** Opening Task input block **
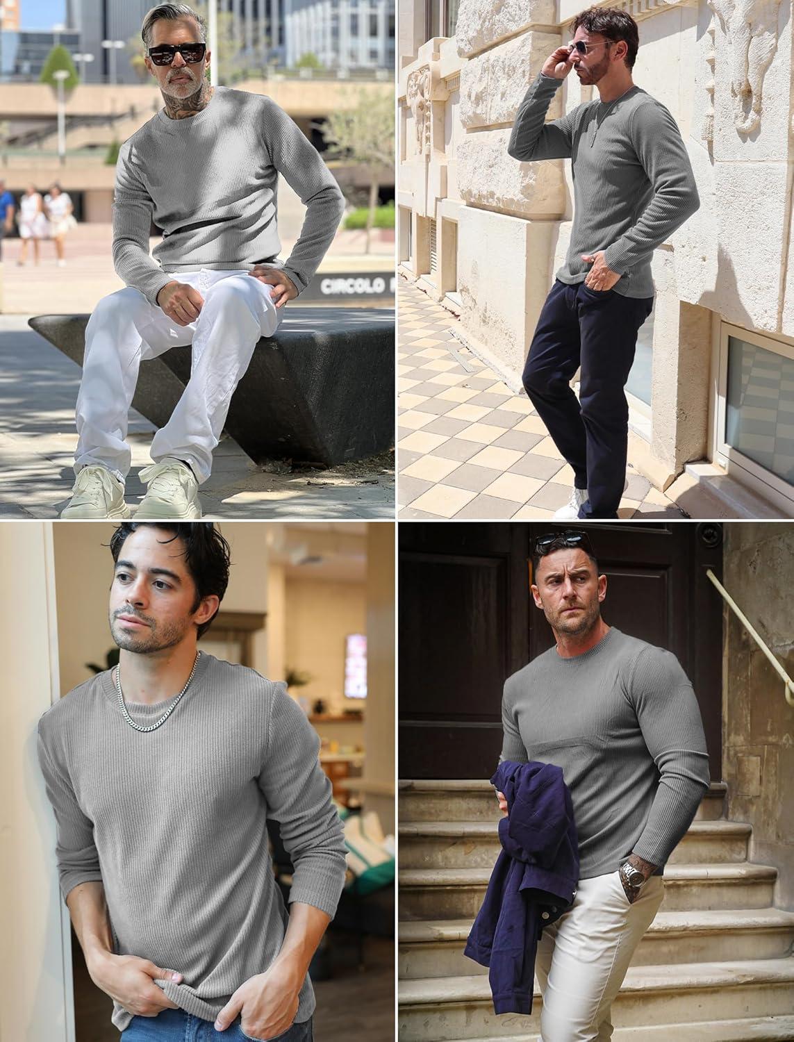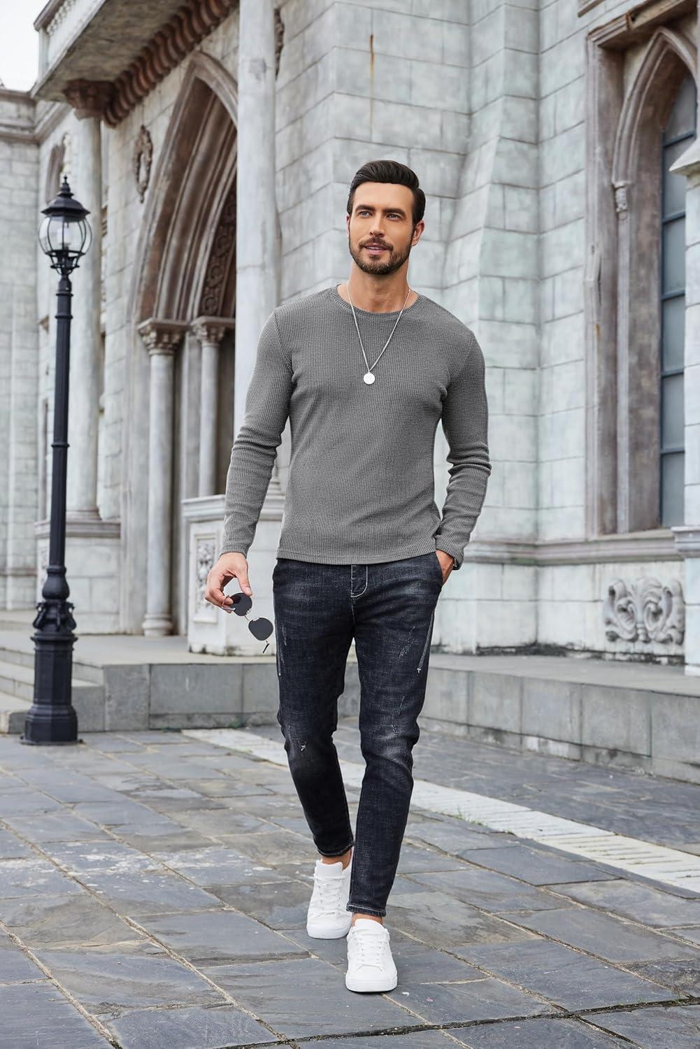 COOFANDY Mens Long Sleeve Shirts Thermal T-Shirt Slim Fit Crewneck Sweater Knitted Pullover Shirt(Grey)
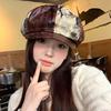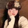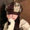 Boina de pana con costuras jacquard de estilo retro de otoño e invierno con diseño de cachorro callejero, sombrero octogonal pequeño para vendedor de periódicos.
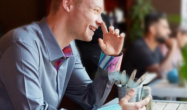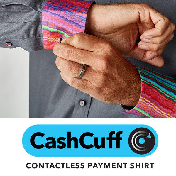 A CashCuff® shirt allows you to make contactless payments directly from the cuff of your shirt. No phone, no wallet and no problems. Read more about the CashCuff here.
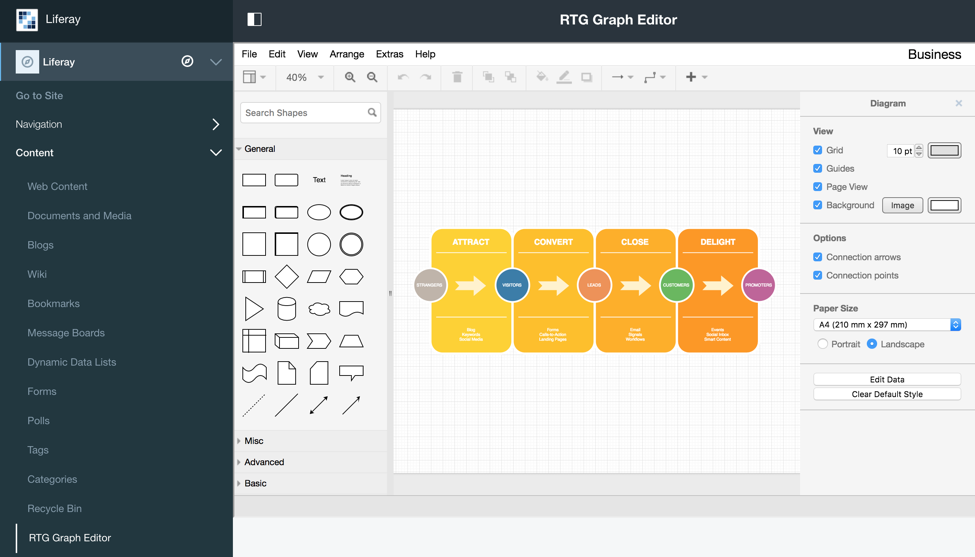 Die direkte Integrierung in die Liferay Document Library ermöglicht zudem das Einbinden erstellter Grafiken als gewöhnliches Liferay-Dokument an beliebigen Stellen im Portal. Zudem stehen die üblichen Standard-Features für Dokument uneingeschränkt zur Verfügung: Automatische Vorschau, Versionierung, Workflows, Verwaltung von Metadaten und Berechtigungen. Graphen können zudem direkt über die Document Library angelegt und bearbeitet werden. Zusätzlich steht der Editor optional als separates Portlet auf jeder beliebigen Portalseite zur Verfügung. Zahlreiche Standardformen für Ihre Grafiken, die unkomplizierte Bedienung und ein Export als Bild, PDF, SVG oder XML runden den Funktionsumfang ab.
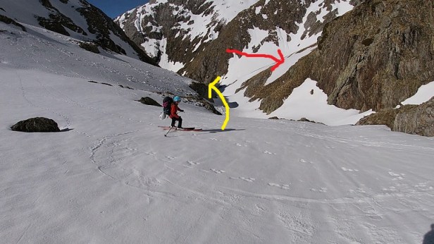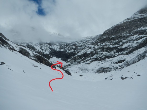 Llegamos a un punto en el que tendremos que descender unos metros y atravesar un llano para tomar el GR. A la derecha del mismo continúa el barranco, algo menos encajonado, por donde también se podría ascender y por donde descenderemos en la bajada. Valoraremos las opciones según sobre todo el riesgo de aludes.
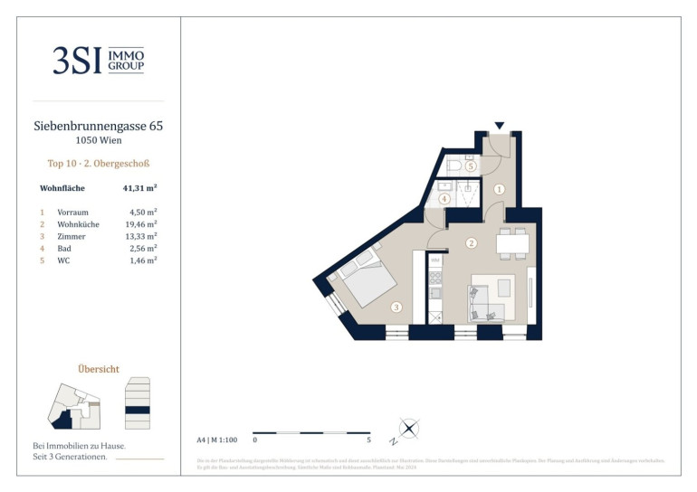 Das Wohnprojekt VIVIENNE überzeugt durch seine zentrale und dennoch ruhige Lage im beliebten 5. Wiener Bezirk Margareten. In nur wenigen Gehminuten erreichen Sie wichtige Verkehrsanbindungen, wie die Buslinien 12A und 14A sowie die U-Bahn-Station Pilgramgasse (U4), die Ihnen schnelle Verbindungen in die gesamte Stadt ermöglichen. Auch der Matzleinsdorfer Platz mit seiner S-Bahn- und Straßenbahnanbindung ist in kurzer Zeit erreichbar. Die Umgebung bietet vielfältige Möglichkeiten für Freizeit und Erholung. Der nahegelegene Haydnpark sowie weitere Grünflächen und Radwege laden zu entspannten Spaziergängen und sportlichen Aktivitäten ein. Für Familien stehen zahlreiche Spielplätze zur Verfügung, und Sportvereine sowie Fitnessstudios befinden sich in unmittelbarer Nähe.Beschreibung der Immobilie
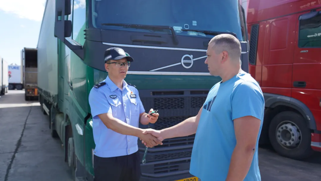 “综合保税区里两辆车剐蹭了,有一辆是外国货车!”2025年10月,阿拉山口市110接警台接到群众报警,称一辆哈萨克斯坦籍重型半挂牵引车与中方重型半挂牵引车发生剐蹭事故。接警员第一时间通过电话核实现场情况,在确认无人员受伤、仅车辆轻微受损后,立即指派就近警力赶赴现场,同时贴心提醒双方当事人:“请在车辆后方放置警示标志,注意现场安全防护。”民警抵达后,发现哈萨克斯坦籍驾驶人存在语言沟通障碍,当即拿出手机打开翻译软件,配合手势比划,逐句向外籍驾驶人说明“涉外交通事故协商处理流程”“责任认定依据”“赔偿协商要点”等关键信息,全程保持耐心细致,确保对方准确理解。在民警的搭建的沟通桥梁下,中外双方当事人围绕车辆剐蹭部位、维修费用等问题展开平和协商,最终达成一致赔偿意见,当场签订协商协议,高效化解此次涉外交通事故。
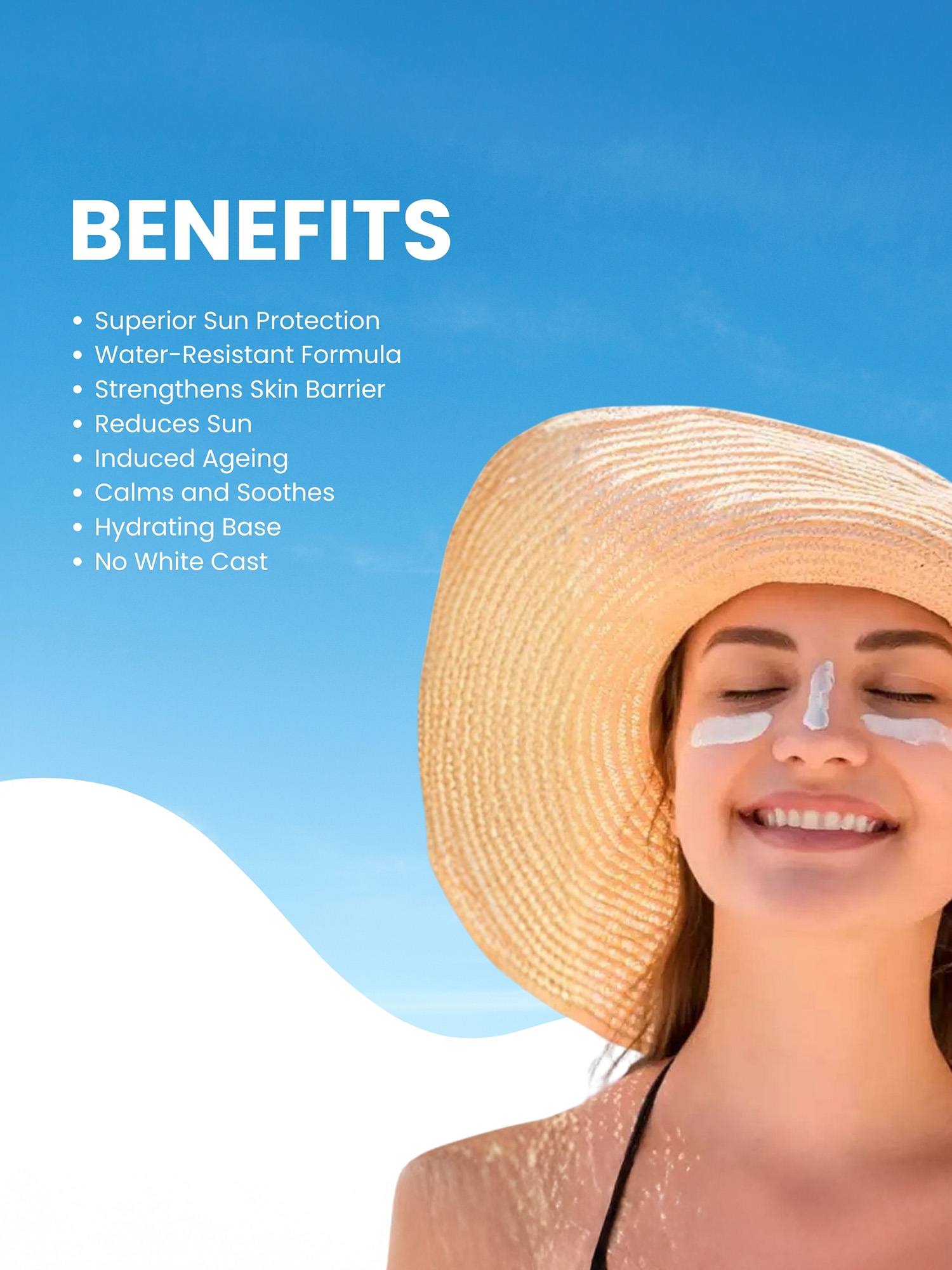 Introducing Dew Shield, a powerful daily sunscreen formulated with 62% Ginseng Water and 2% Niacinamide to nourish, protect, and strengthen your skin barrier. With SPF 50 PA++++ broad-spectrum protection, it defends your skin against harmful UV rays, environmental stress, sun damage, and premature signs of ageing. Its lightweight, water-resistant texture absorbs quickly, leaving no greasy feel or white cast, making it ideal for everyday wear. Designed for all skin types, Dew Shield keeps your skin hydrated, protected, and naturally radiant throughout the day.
** Closing Task input block **
Exactly the lines from the top of the entries through the line with "Boina de pana", inclusive, must be given again, with every picture omitted.

§ Answer to this task
 COOFANDY Mens Long Sleeve Shirts Thermal T-Shirt Slim Fit Crewneck Sweater Knitted Pullover Shirt(Grey)
 Boina de pana con costuras jacquard de estilo retro de otoño e invierno con diseño de cachorro callejero, sombrero octogonal pequeño para vendedor de periódicos.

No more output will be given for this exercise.